- DATASET CONTENT:
== Segment start ==

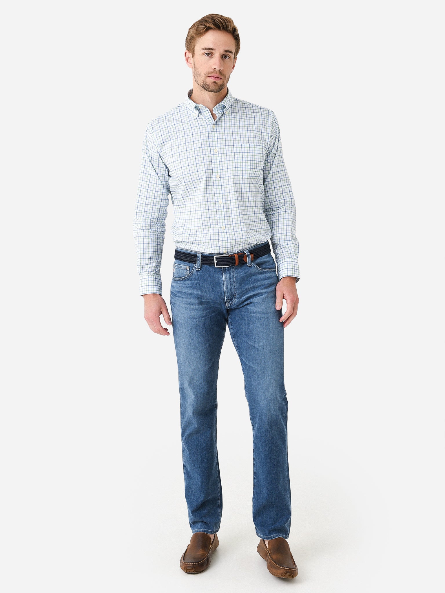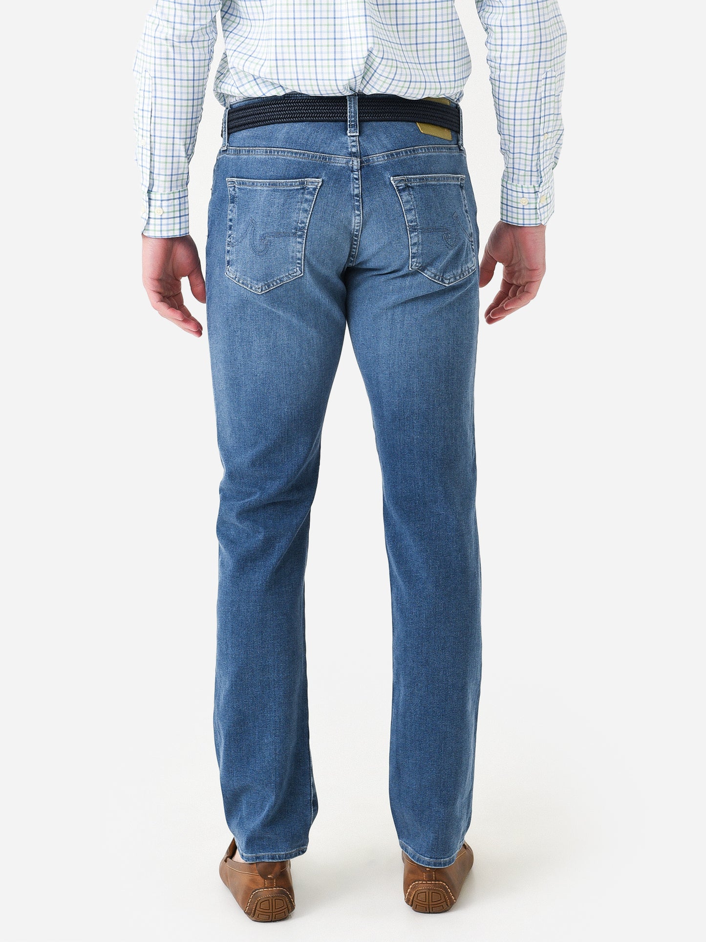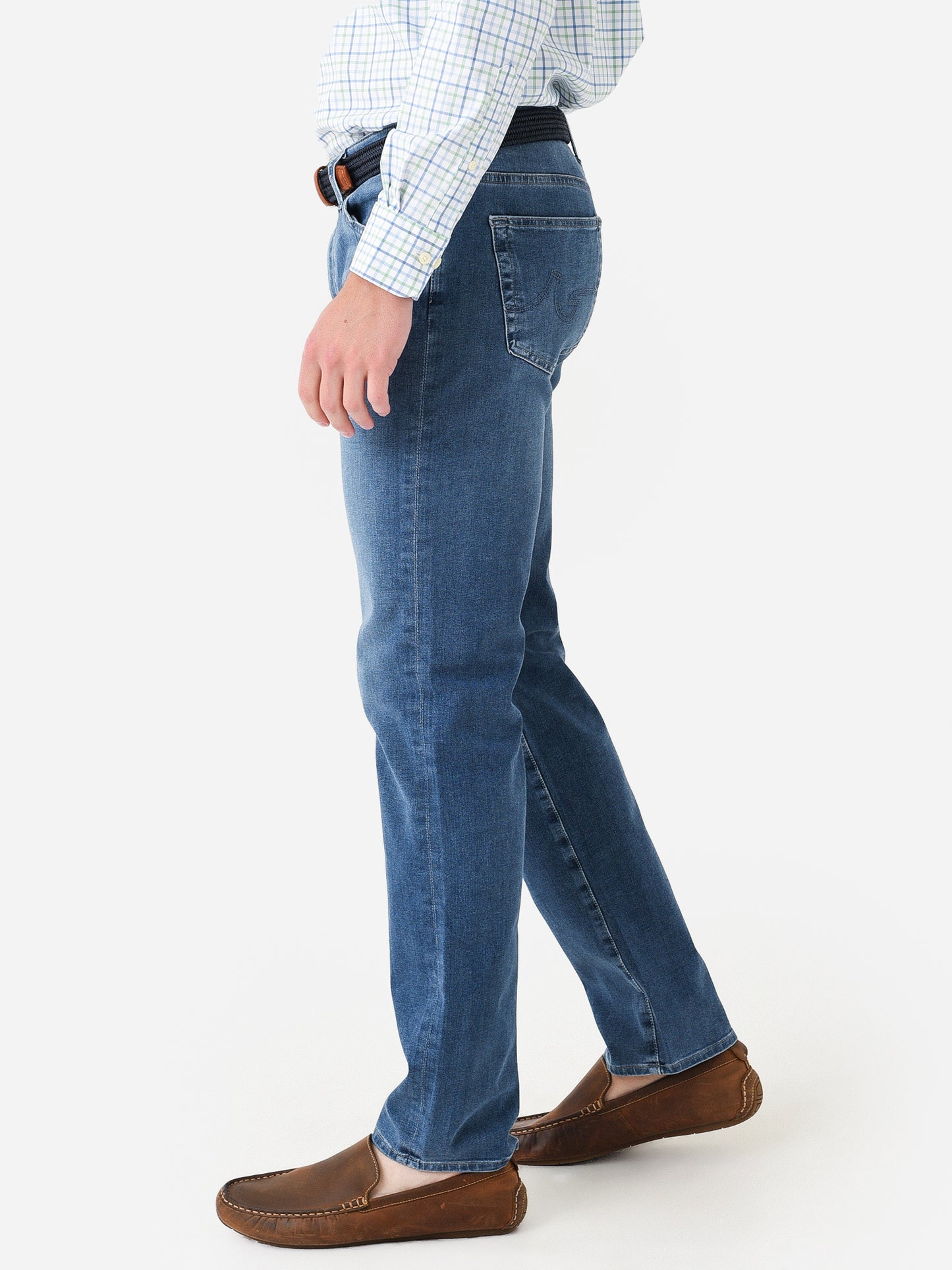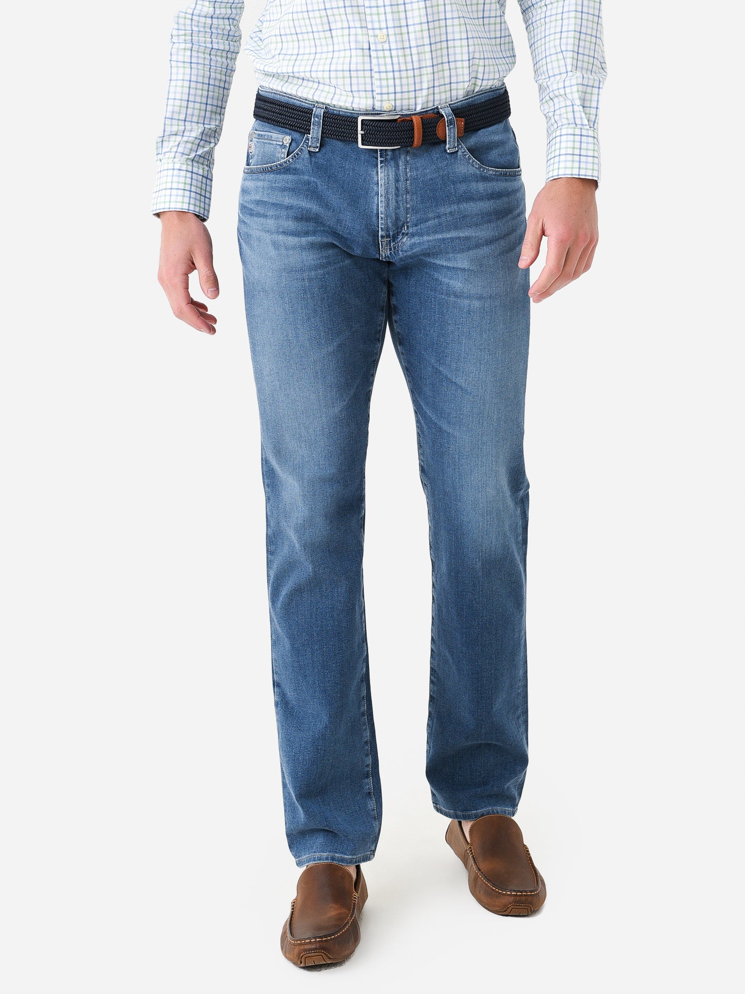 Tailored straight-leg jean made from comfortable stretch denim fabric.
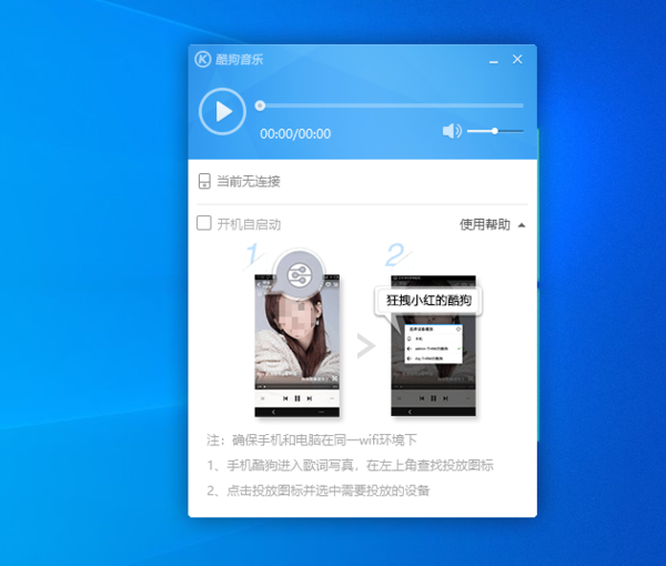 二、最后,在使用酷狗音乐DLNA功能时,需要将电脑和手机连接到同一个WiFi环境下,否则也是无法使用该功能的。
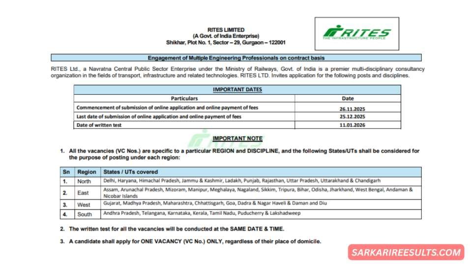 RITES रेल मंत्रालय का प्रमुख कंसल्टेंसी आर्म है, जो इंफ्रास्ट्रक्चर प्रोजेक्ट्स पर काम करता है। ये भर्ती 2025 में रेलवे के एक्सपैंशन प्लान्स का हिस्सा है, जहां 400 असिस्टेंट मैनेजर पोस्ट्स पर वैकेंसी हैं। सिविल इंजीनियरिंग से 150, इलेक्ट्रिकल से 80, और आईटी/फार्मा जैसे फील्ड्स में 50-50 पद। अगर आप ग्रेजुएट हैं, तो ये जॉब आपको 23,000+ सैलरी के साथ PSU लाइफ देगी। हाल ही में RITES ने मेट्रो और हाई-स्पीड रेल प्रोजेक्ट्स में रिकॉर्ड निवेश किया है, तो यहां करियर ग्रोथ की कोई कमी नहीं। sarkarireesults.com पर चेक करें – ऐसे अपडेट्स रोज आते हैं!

== Segment end ==
== Segment start ==

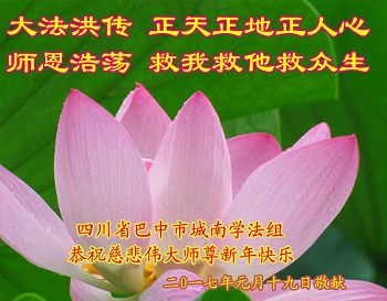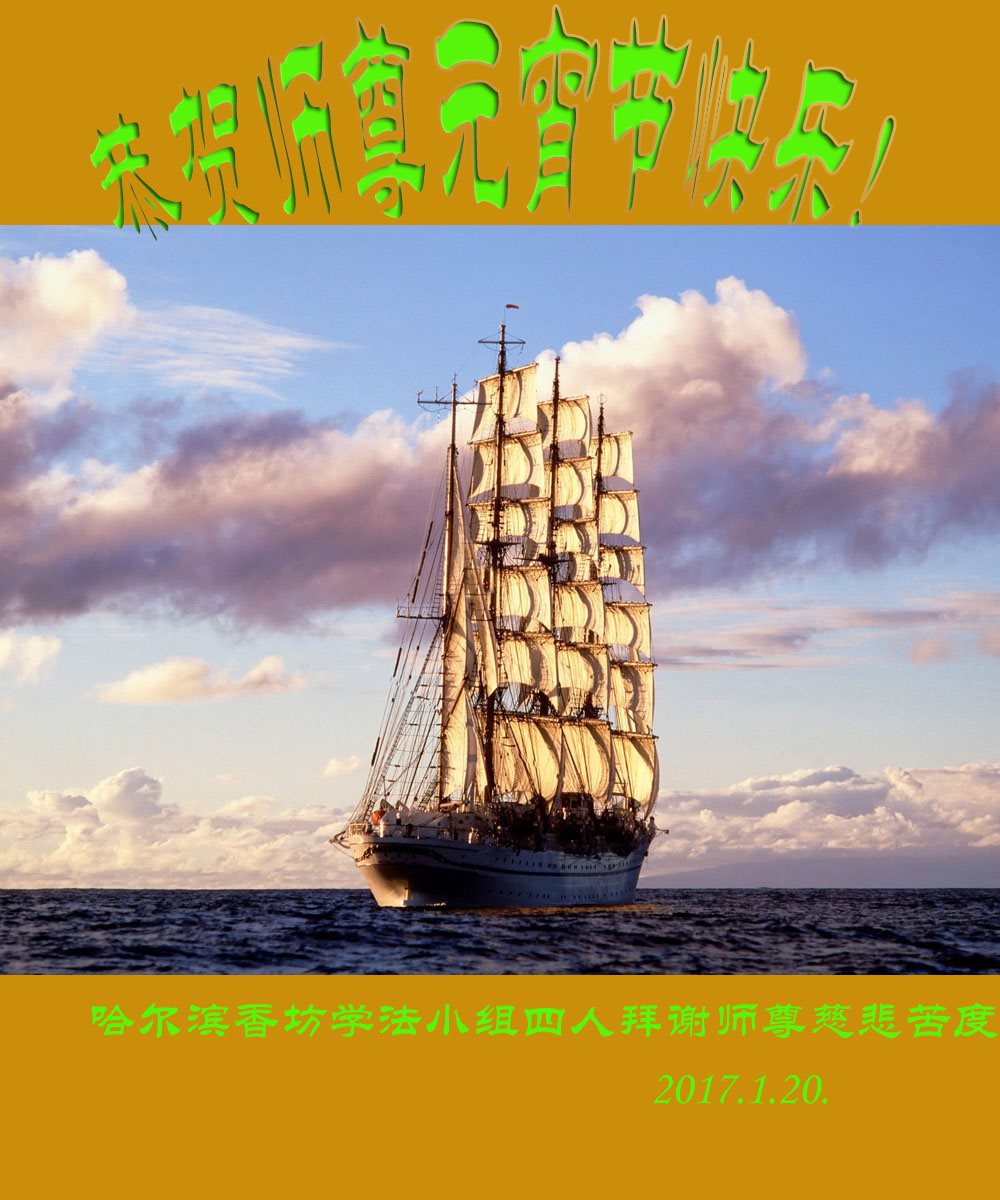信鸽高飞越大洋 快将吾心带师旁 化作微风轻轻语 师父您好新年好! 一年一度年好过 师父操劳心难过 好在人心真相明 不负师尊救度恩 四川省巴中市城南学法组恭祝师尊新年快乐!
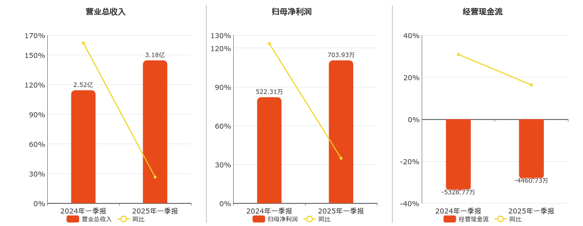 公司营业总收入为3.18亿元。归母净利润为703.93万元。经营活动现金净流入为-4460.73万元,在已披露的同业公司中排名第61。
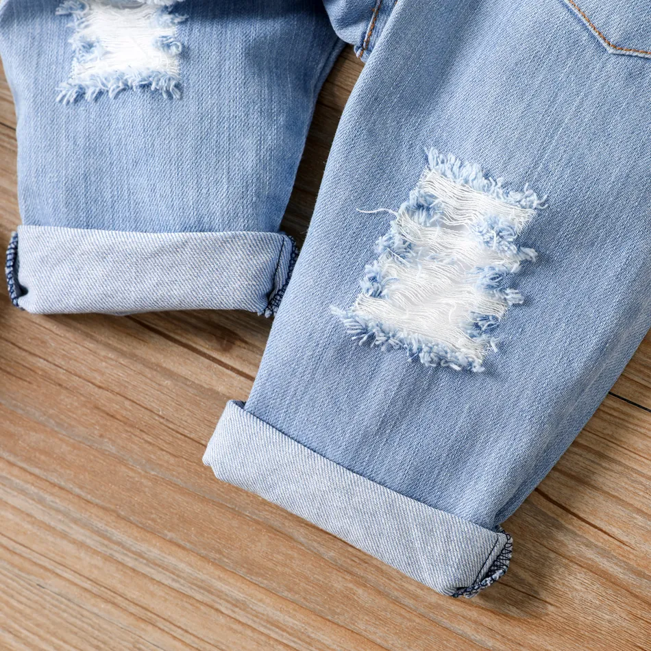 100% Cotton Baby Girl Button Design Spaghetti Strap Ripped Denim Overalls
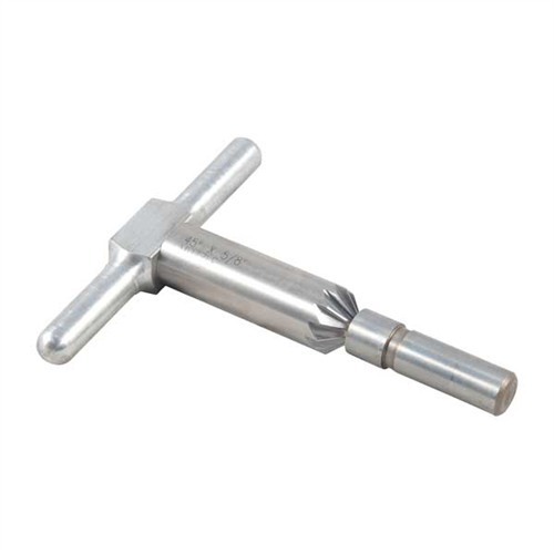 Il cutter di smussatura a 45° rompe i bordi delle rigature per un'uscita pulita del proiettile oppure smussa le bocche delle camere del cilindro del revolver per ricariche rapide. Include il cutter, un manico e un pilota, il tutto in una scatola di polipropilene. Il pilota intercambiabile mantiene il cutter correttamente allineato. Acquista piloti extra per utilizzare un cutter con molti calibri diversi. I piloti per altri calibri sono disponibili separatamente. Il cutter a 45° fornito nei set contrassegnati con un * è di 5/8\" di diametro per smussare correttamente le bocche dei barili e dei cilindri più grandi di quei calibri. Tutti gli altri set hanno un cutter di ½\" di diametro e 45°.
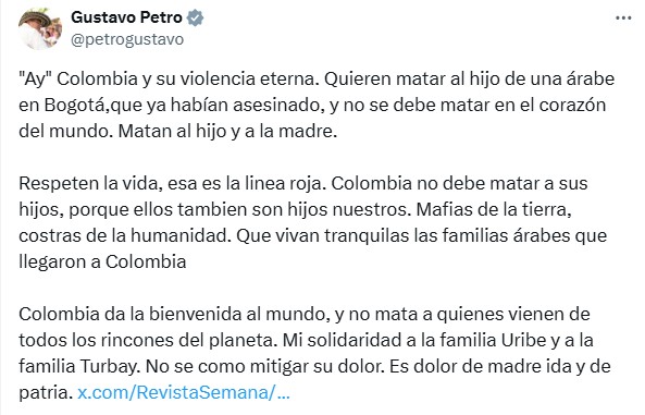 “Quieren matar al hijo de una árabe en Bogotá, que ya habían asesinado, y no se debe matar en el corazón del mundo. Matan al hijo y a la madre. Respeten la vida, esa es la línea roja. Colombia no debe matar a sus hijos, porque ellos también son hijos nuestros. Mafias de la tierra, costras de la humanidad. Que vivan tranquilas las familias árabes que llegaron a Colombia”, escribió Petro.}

== Segment end ==

- WORK REQUIRED: When you reach the line containing "公司营业总收入为3.18亿元" in the entries above, begin restating word for word, and stop once the line containing "100% Cotton Baby" has been given. Omit the pictures.

- SOLUTION FOR THIS EXERCISE:
 公司营业总收入为3.18亿元。归母净利润为703.93万元。经营活动现金净流入为-4460.73万元,在已披露的同业公司中排名第61。
 100% Cotton Baby Girl Button Design Spaghetti Strap Ripped Denim Overalls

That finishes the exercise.